Material provided »
------------------------------
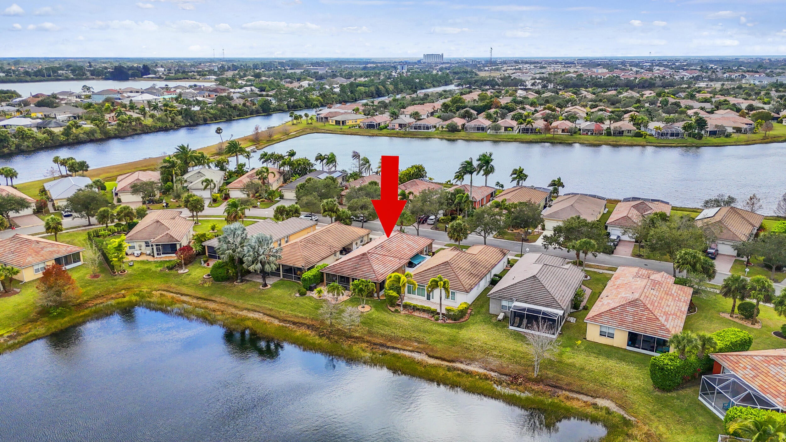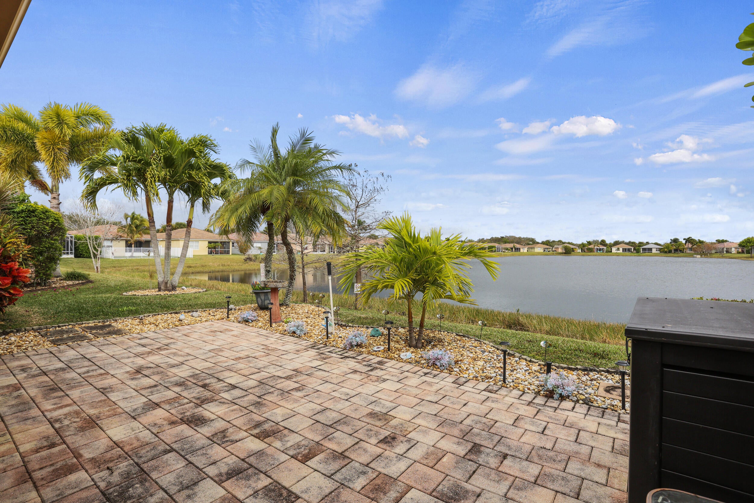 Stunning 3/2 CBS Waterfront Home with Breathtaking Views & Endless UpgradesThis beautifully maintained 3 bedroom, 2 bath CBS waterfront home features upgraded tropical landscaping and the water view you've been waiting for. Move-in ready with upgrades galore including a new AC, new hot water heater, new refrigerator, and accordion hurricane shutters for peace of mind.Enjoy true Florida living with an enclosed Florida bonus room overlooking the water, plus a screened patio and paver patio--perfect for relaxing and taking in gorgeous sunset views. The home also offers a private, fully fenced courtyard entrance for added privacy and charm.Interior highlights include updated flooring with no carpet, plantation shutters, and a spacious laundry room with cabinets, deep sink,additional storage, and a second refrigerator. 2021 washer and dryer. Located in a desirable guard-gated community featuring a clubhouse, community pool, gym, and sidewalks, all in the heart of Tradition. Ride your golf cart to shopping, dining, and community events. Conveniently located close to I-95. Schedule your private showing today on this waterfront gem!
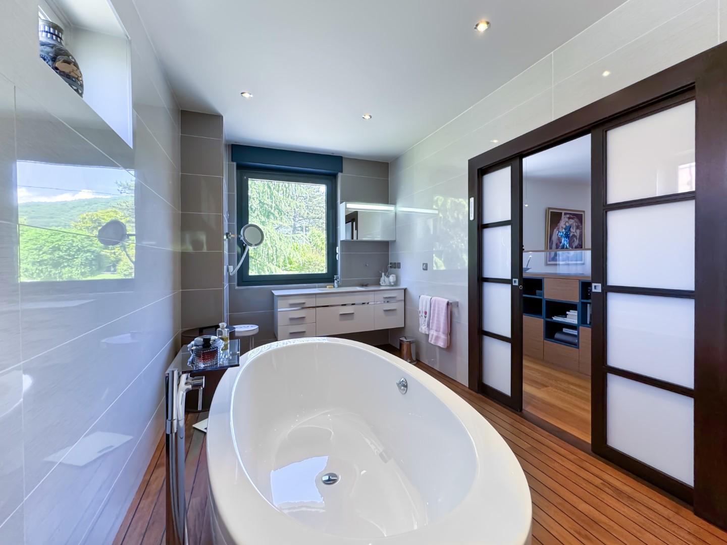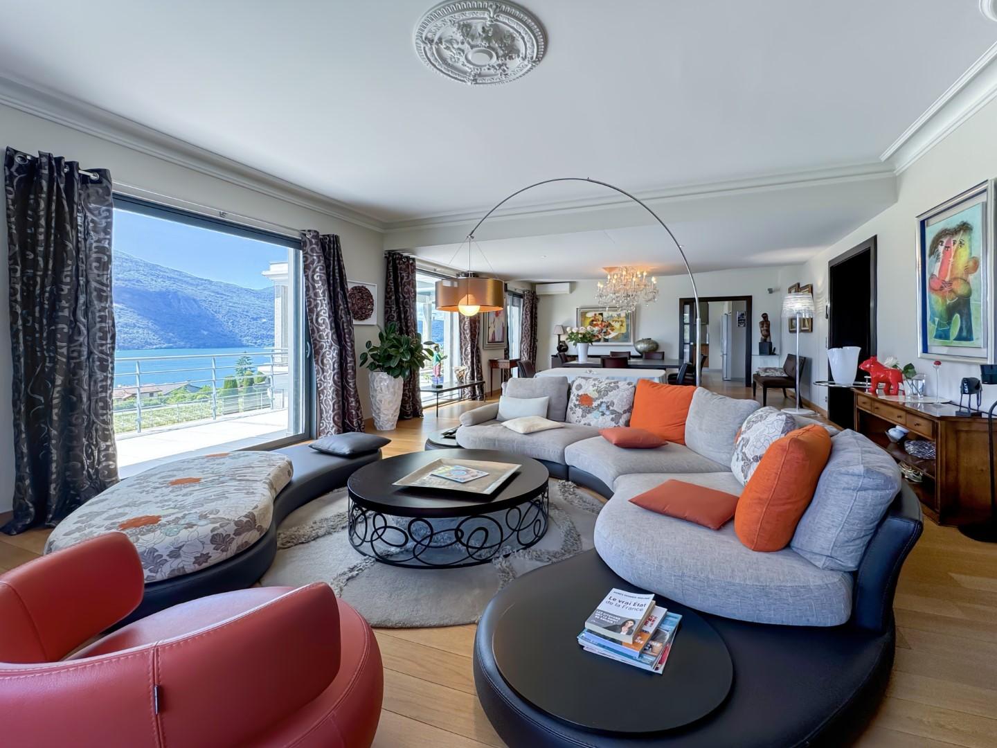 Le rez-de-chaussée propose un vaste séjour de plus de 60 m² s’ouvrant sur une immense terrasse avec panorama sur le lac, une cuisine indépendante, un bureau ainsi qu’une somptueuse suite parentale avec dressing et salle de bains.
------------------------------
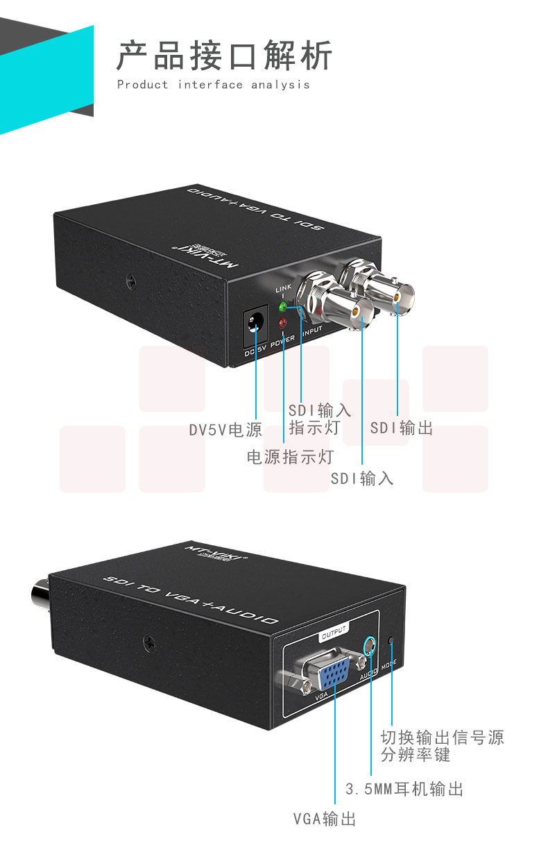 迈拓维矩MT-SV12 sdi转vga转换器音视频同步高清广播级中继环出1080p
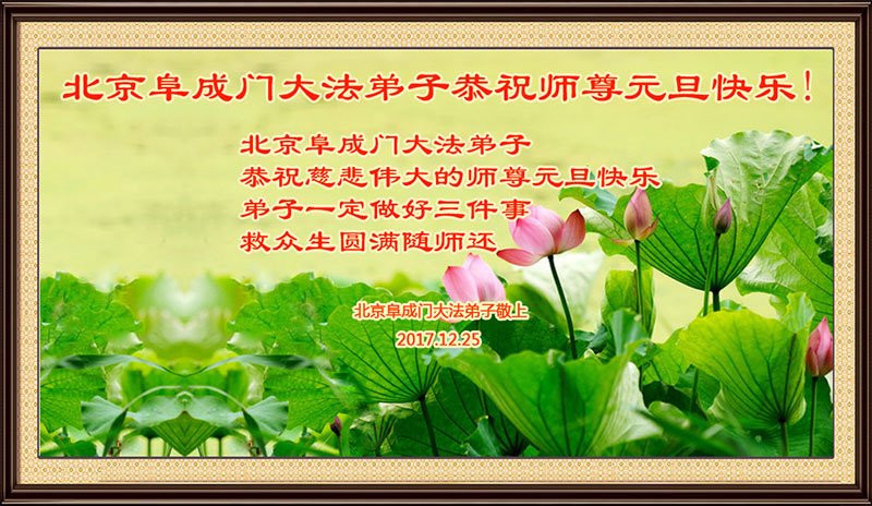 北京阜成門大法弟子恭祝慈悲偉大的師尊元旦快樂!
------------------------------
Try it »
Every line above between the one containing "Stunning 3/2 CBS" and the one containing "Le rez-de-chaussée propose", those two included, is to be printed exactly. No pictures go into the copy.

Result of the exercise »
 Stunning 3/2 CBS Waterfront Home with Breathtaking Views & Endless UpgradesThis beautifully maintained 3 bedroom, 2 bath CBS waterfront home features upgraded tropical landscaping and the water view you've been waiting for. Move-in ready with upgrades galore including a new AC, new hot water heater, new refrigerator, and accordion hurricane shutters for peace of mind.Enjoy true Florida living with an enclosed Florida bonus room overlooking the water, plus a screened patio and paver patio--perfect for relaxing and taking in gorgeous sunset views. The home also offers a private, fully fenced courtyard entrance for added privacy and charm.Interior highlights include updated flooring with no carpet, plantation shutters, and a spacious laundry room with cabinets, deep sink,additional storage, and a second refrigerator. 2021 washer and dryer. Located in a desirable guard-gated community featuring a clubhouse, community pool, gym, and sidewalks, all in the heart of Tradition. Ride your golf cart to shopping, dining, and community events. Conveniently located close to I-95. Schedule your private showing today on this waterfront gem!
 Le rez-de-chaussée propose un vaste séjour de plus de 60 m² s’ouvrant sur une immense terrasse avec panorama sur le lac, une cuisine indépendante, un bureau ainsi qu’une somptueuse suite parentale avec dressing et salle de bains.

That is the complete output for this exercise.